**Assignment:** If a line in the entries below includes "konference", pick it out and copy it.

**The data:**
▼▼▼

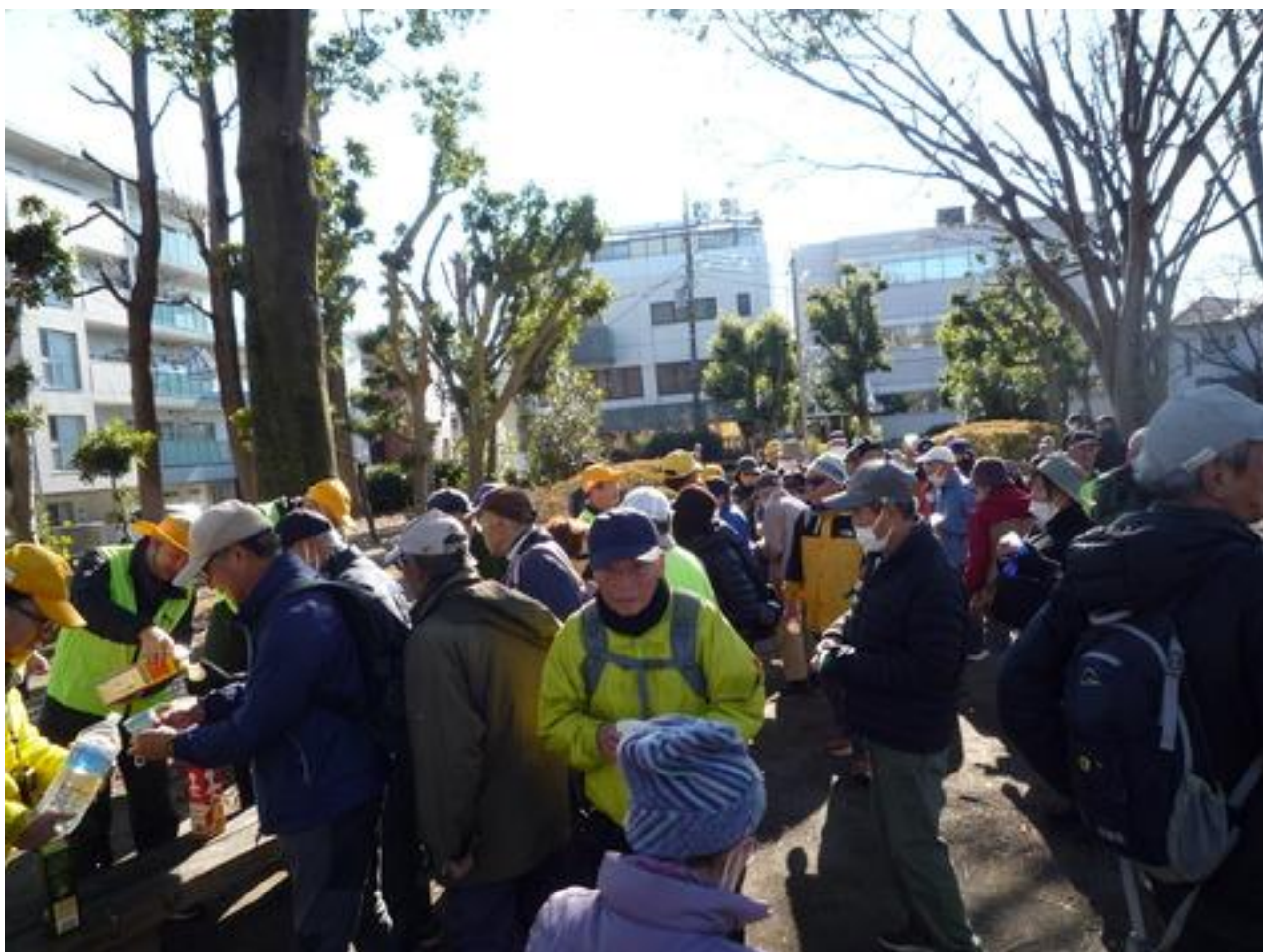
ゴールの天王台西公園では恒例の納会で飲物が振舞われました
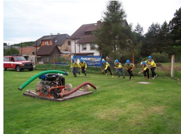
Obr. ▲ Požární útok – hasičská soutěžní disciplína
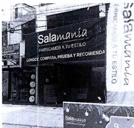
Fotografía 1. Fachada del establecimiento.

Por lo anterior, mediante oficio se citó a comparecer en las oficinas que ocupa esta unidad administrativa al propietario y/o representante legal del establecimiento mercantil ubicado en División del Norte, número 3546, colonia Xotepingo, Alcaldía Coyoacán, con la finalidad de que manifestara lo que a su derecho corresponde; al respecto, se presentó el gerente de la referida negociación, quien mediante acto de comparecencia manifestó que para la ambientación, ocupa una bocina, misma que genera emisiones sonoras de baja intensidad; sin embargo, de manera voluntaria redireccionaría dicha bocina hacia el interior del inmueble.
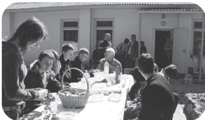
Pēc labi padarīta darba talcīnieki mīlojās ar ceptām desiņām un pīrādžiņiem
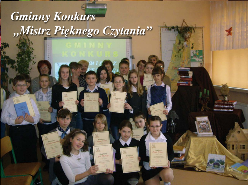
Gminny Konkurs „Mistrz Pięknego Czytania”
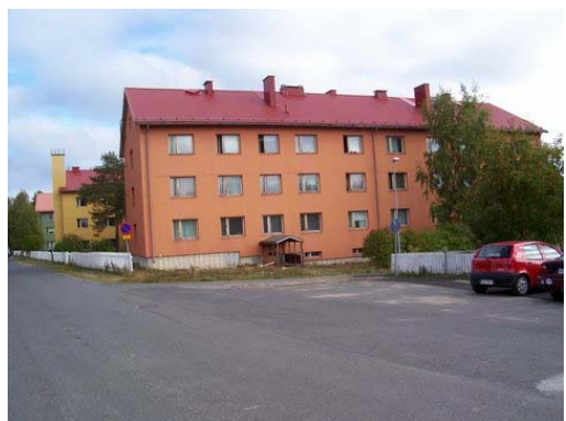
Az iskolai szállás

gyalog, szóval ha itt akarsz lakni, érdemes biciklit beszerezni. Ez sajnos nem olcsó, a használt boltban kb. 100 €-ért kapsz egy használhatót, bár amikor elmész, fél áron visszaveszik. A szállásnak 200 € / fő az ára, akár hányan laktok is egy lakásban. Ezért saját szoba jár, de ha meg akarod osztani valakivel, akkor sem lesz olcsóbb. Vannak 1, 2 és 3 szobás lakások. A belsejének a felszereltsége nagyon változó. Ami mindig van, az a konyhai asztal, székek, hűtőgép, tűzhely, konyhai szekrények, szobákban beépített szekrények, ágyak, tanuló asztal és szék hozzá. Ha szerencsésen olyan lakásba
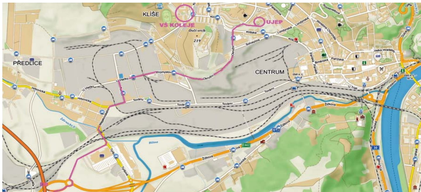
Místo konání konference – Budova MFC UJEP, Pasteurova 1

Ubytování: www.usti-nad-labem.cz . Koleje UJEP: ubytovani@ujep.cz ; tel.: 475 287 241 (objednávat pod heslem „konference AUÚP“).
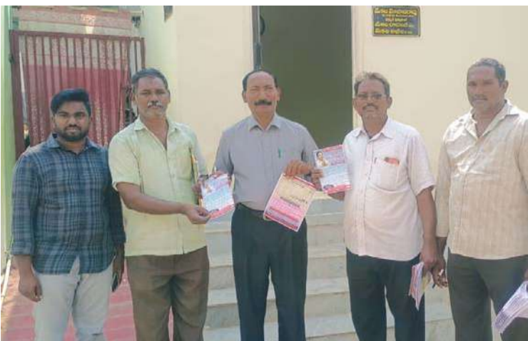
అక్షర విజేత మంగళగిరి.....
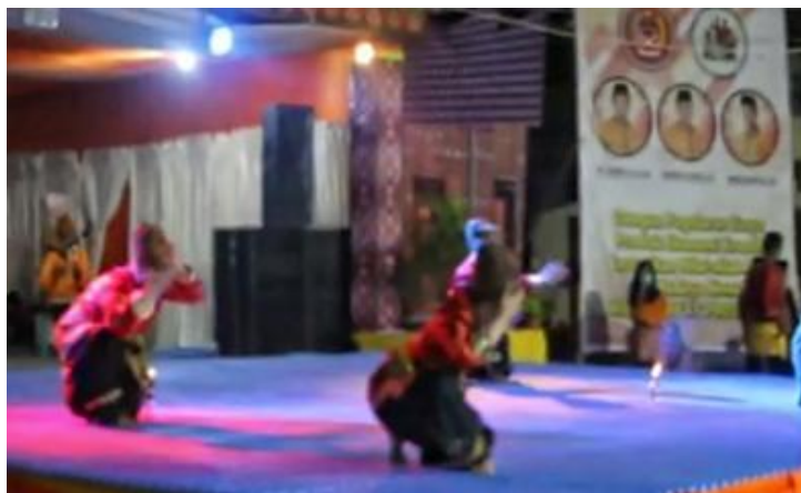
Gambar 2. Terlihat Penari Melakukan Gerak Sambah Duduk

Gerakan Sambah menjadi langkah awal yang penting dalam Tari Buai-buai , dimana sebelum penari memulai gerakan lainnya, gerakan sambah menandai awal dari rangkaian gerakan yang akan ditampilkan. Gerak sambah adalah gerak yang memiliki tujuan atau makna yaitu untuk menghormati tamu yang hadir serta memohon izin untuk melaksanakan penampilan.
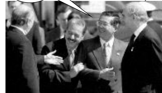
Lagos, Pastrana, Fujimori, De la Rúa en Brasilia, cuando se aprobó el IIRSA. Algunos de estos presidentes no terminaron demasiado bien sus mandatos
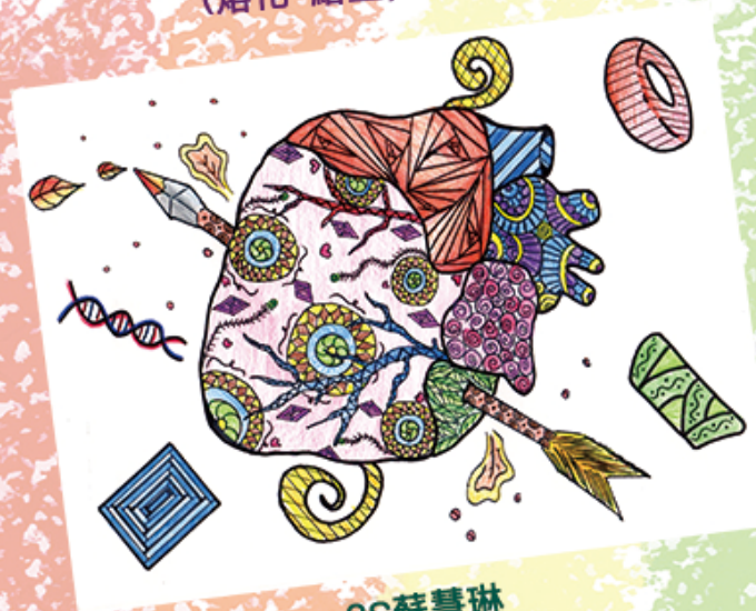
3S 蘇慧琳 (裝飾性繪畫)
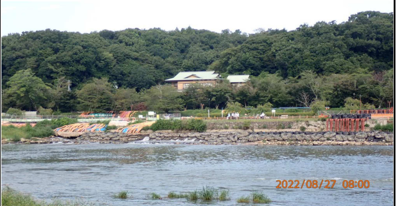
左岸35.0km付近の様子（4） 右岸の取水配管の様子が判る。 以上で8月の報告を終わります。
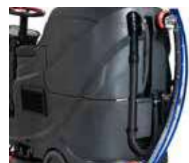
Sistemul de agățat racleta pe bazinul de apă murdară ajută la deplasarea mașinii prin zone înguste
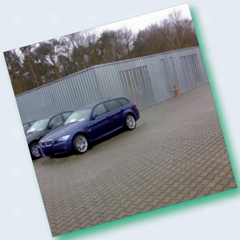
Schnellbauhallen / Reifenlagerhallen
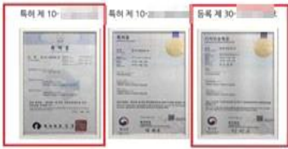
생활편의 제품 △ 소멸된 권리 표시
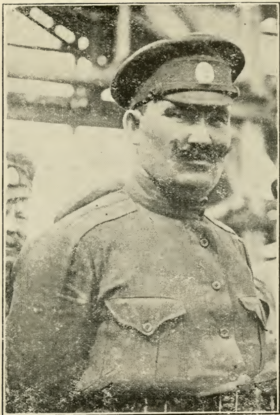
Атаманъ Г. М. Семеновъ, въ началѣ поднятаго имъ противобольшевистскаго возстанія. на Дальнемъ Востокѣ.
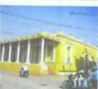
Fachada de la Alcaldía de Lórica, Córdoba.
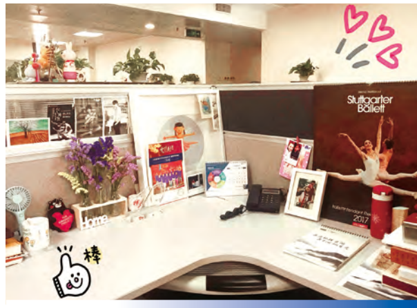
富通 2020 年最佳辦公室 座位比賽

▲▲▲

**Solution to the problem:**
Místo konání konference – Budova MFC UJEP, Pasteurova 1
Ubytování: www.usti-nad-labem.cz . Koleje UJEP: ubytovani@ujep.cz ; tel.: 475 287 241 (objednávat pod heslem „konference AUÚP“).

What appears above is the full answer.